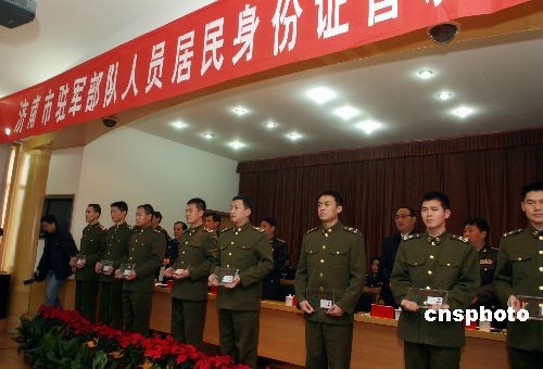 2009年2月26日,濟(jì)南警備區(qū)、濟(jì)南市公安局聯(lián)合舉行駐濟(jì)部隊(duì)現(xiàn)役軍人居民身份證首發(fā)儀式。自此,濟(jì)南市為駐濟(jì)部隊(duì)申領(lǐng)發(fā)放具名身份證工作正式啟動(dòng)。此舉將對(duì)部隊(duì)人員辦理儲(chǔ)蓄、保險(xiǎn)、買(mǎi)車(chē)、購(gòu)房等涉及個(gè)人權(quán)益事物時(shí)帶來(lái)便捷。中新社發(fā) 龔輝 攝
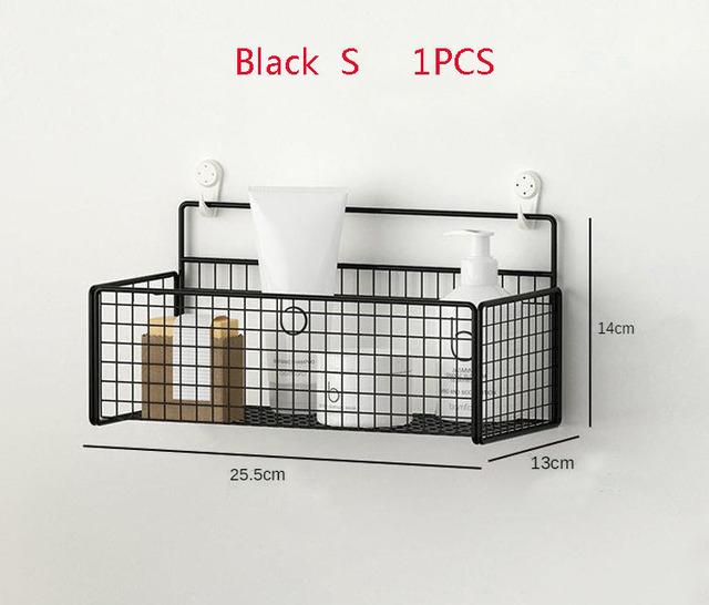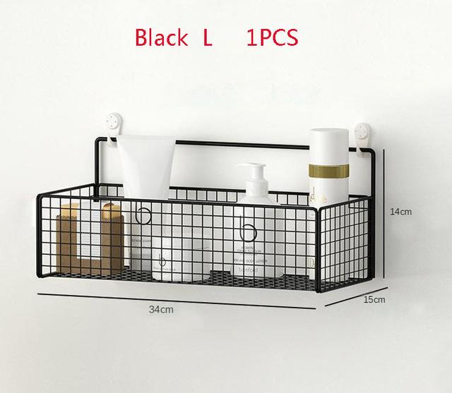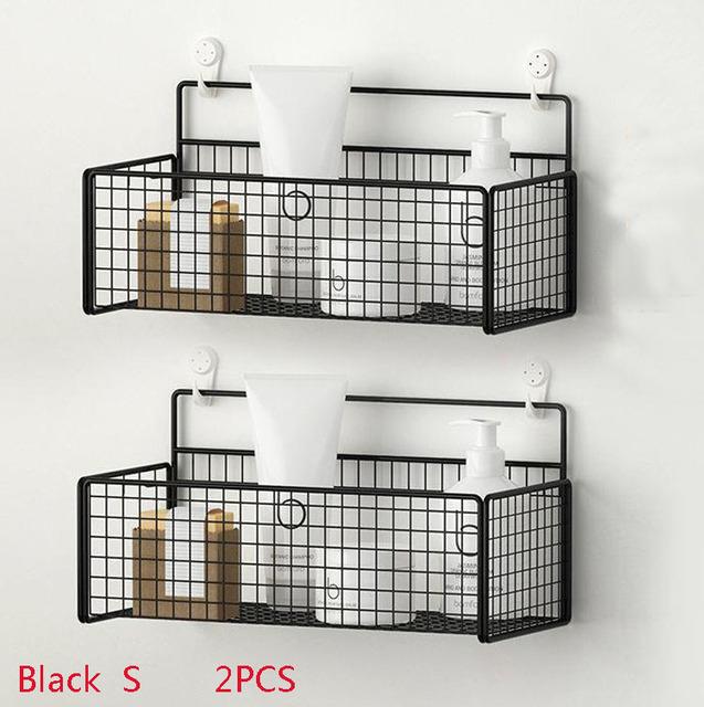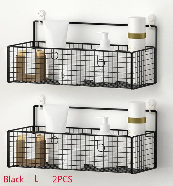 Черная настенная полка для ванной комнаты, полка для шампуня, туалетные принадлежности, кухонная корзина для хранения приправ без пунша
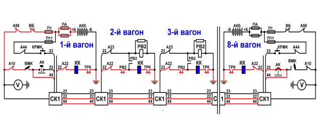 Схема работы М/К с вкл. АК в хвостовом вагоне.

________

Give the data again exactly, image-free.

 2009年2月26日,濟(jì)南警備區(qū)、濟(jì)南市公安局聯(lián)合舉行駐濟(jì)部隊(duì)現(xiàn)役軍人居民身份證首發(fā)儀式。自此,濟(jì)南市為駐濟(jì)部隊(duì)申領(lǐng)發(fā)放具名身份證工作正式啟動(dòng)。此舉將對(duì)部隊(duì)人員辦理儲(chǔ)蓄、保險(xiǎn)、買(mǎi)車(chē)、購(gòu)房等涉及個(gè)人權(quán)益事物時(shí)帶來(lái)便捷。中新社發(fā) 龔輝 攝
 Черная настенная полка для ванной комнаты, полка для шампуня, туалетные принадлежности, кухонная корзина для хранения приправ без пунша
 Схема работы М/К с вкл. АК в хвостовом вагоне.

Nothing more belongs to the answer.